Apoptosome

The apoptosome is a quaternary protein structure formed in the process of apoptosis. It is formed by the release of cytochrome c from the mitochondrion responses to an internal (intrinsic) or external (extrinsic) cell death stimulus. Stimuli can differ from DNA damage or viral infection to developmental signals for instance like those leading to the degradation of a tadpole’s tail.

When cytochrome c is released, it binds to the cytosolic protein Apoptotic protease activating factor-1 (Apaf-1) to facilitate the formation of the apoptosome in mammalian cells. Biochemical and structural studies have shown that this interaction is essential for apoptosome assembly. Additionally, the nucleotide dATP binds to Apaf-1 as a third component, although its precise role in the process remains under investigation.
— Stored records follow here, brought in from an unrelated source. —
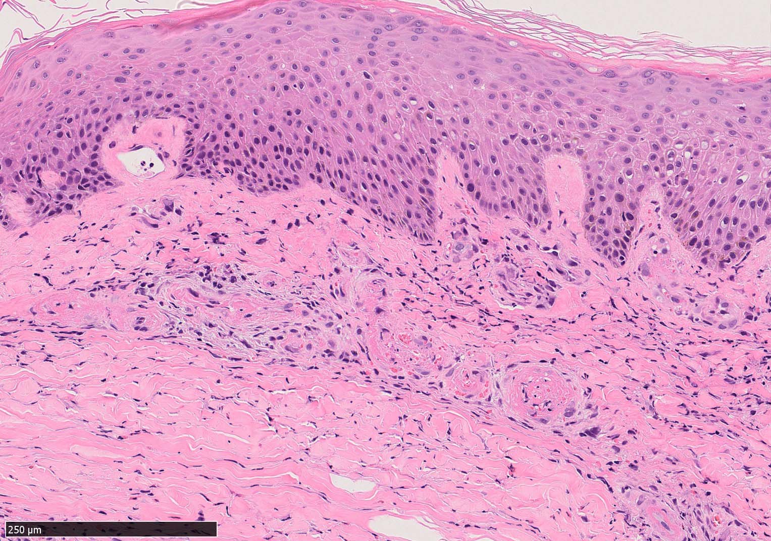 (case02の皮膚表面にみられる硝子様の層がそれに相当するようです。)
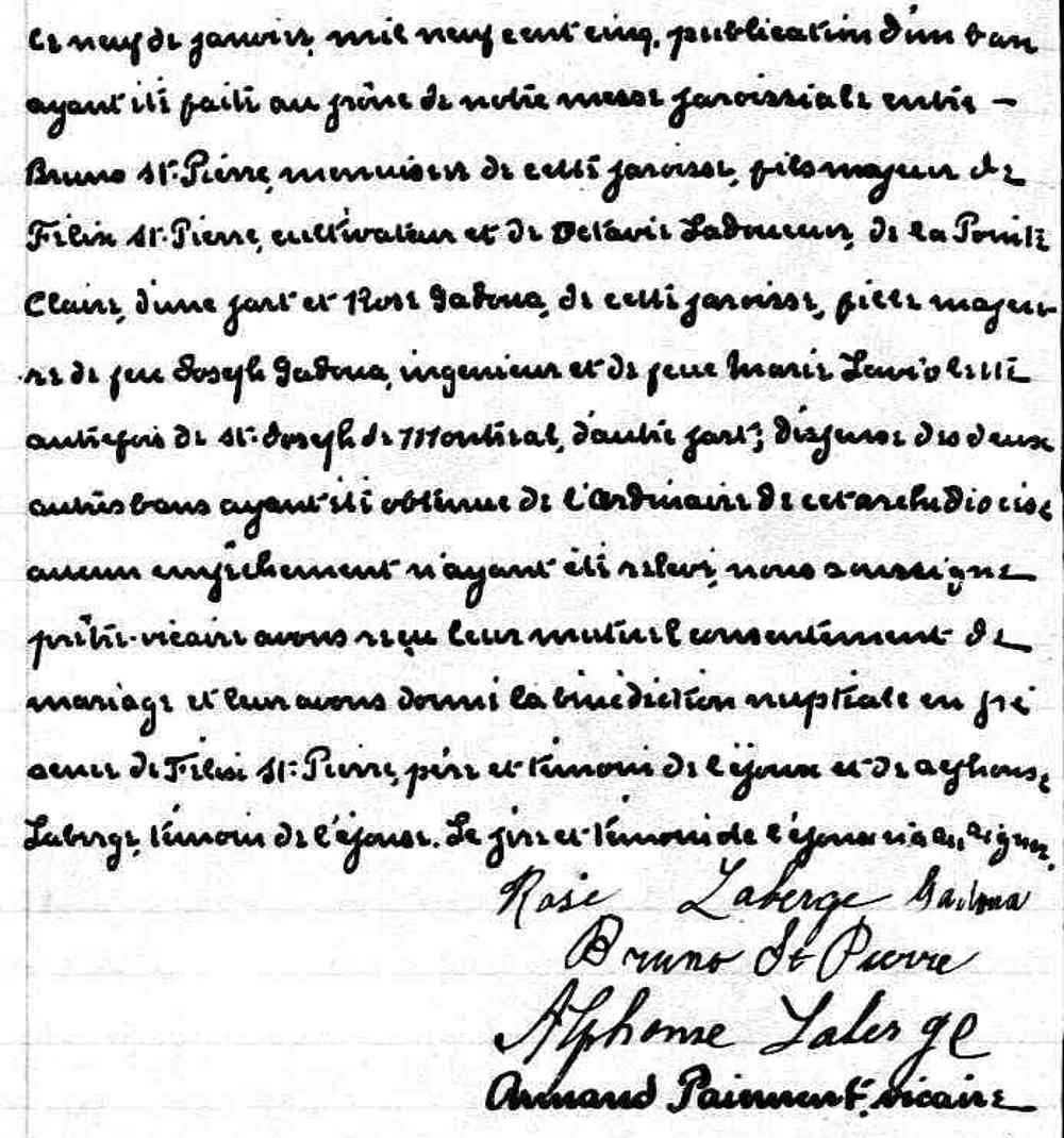 Mariage de Bruno Saint-Pierre et Rose Gadoua à Saint Jean Baptiste de Montréal le 9 janvier 1905
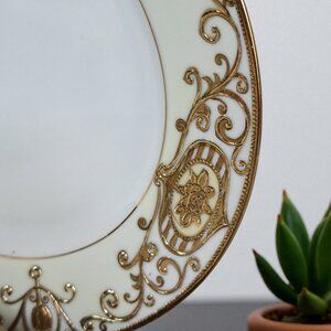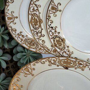 Set of Four Noritake 175 Christmas Ball Bread Plates with raised gold trim on rims
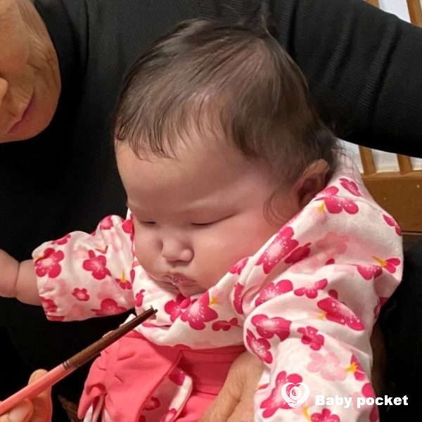 お食い初めの儀式はおばあちゃんにやってもらいましたが、口の前に運ばれる初めての食べ物に少し警戒したのか、口を結んで固まっていました。
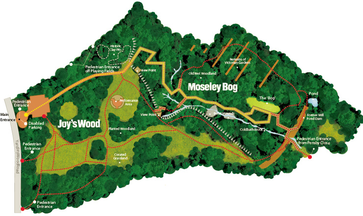 I fondi per il progetto sono stati stanziati da Biffa Award, un fondo ambientale multimilionario (in sterline) gestito dalla Royal Society of Wildlife Trusts (RSWT), che utilizza i crediti d’imposta donati dalla società di raccolta e smaltimento rifiuti Biffa Waste Services. È previsto il coinvolgimento di volontari sia nella creazione di percorsi per i visitatori, da realizzarsi nella nuova area per mezzo di materiali naturali, sia in lavori di conservazione che porteranno questa poco amata e ignorata parte del sito agli stessi livelli del resto della riserva. «Siamo felici di esser riusciti ad assicurare i fondi necessari per quest’opera che farà una grande differenza per gli utenti del sito», ha detto Jack Wilson, responsabile del Wildlife Trust for Birmingham and the Black Country, «abbiamo già reso facilmente accessibile gran parte di Moseley Bog e Joy’s wood senza rinunciare alla loro unicità, e includervi un’altra area speciale è un grande risultato sia per la gente sia per la fauna locale. Pensiamo sia importante che le altre aree che richiedono attenzione siano aperte anch’esse, e che i residenti che vivono attorno all’ingresso di Pensby Close si sentano anch’essi collegati alla Riserva». «Biffa Award è tesa a sostenere progetti che migliorino l’accesso alle riserve e alle aree boscose e ci incoraggino ad apprendere di più sul nostro ambiente naturale», ha spiegato Gillian French, responsabile del Biffa Award, «questo progetto fa entrambe le cose e i miglioramenti faranno sì che più persone possano godere dei percorsi naturali in tutto l’arco dell’anno».
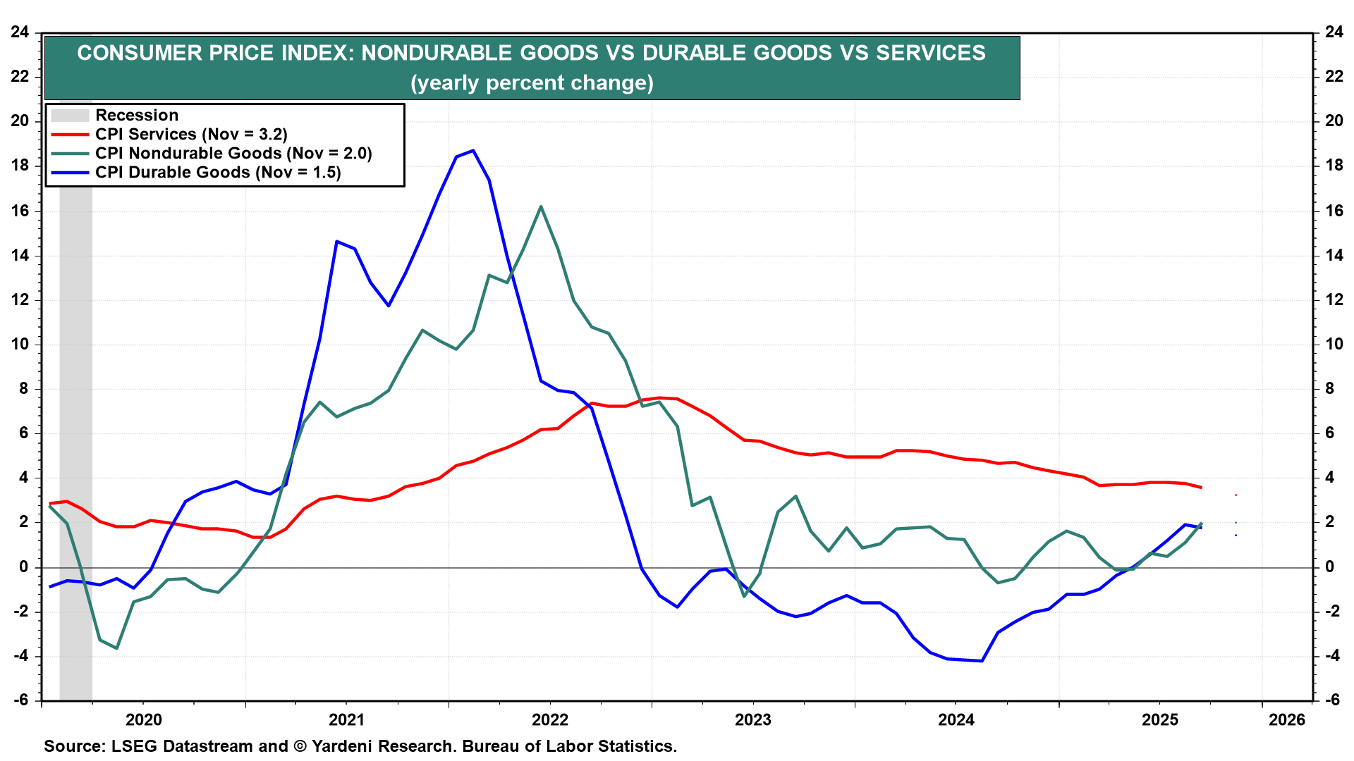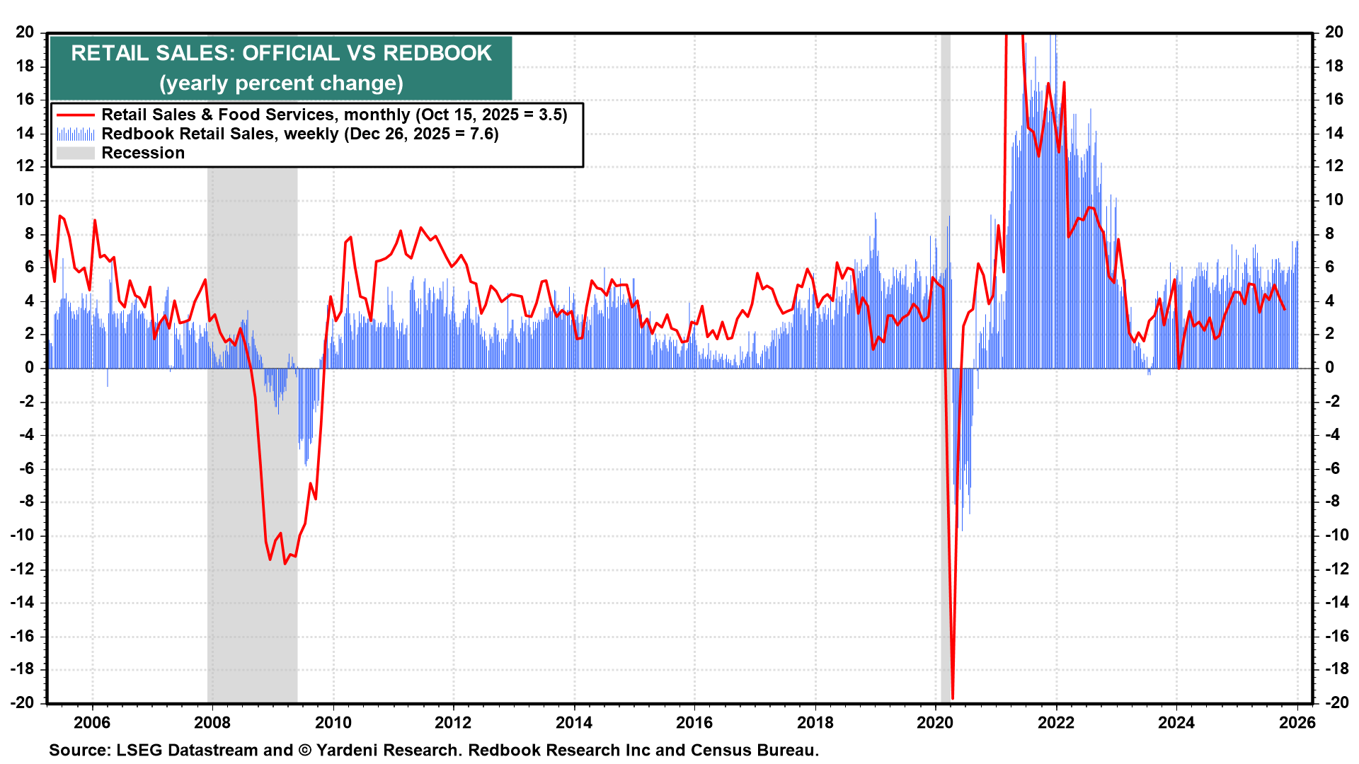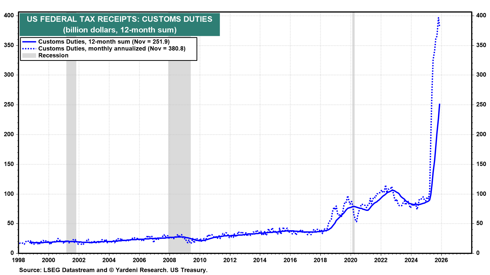 (1) Carveouts galore. Recent weeks saw fresh headlines about carveouts and delays. On New Year’s Eve, a Trump executive order delayed a planned increase in the import tax on kitchen cabinets from 25% to 50% until January 1, 2027. Import duties on upholstered furniture also received a reprieve from plans to increase tariffs from 25% to 30%. The news calmed nerves in China and Vietnam. Italy got calming news too: The Commerce Department is scaling back planned tariffs on 13 pasta makers.

The mammalian apoptosome had never been crystallized, but a human Apaf-1/cytochrome-c apoptosome has been imaged at lower (2 nm) resolution by cryogenic transmission electron microscopy in 2002, showing a heptameric wheel-like particle with 7-fold symmetry. Recently, a medium resolution (9.5 Ångström) structure of human apoptosome was also solved by cryo-electron microscopy, which allows unambiguous inference for positions of all the Apaf-1 domains (CARD, NBARC and WD40) and cytochrome c. A crystal structure of the monomeric, inactive Apaf-1 subunit (PDB 3SFZ) is currently obtainable. Following its formation, the apoptosome can then recruit and activate the inactive pro-caspase-9. Once activated, this initiator caspase can then activate effector caspases and trigger a cascade of events leading to apoptosis.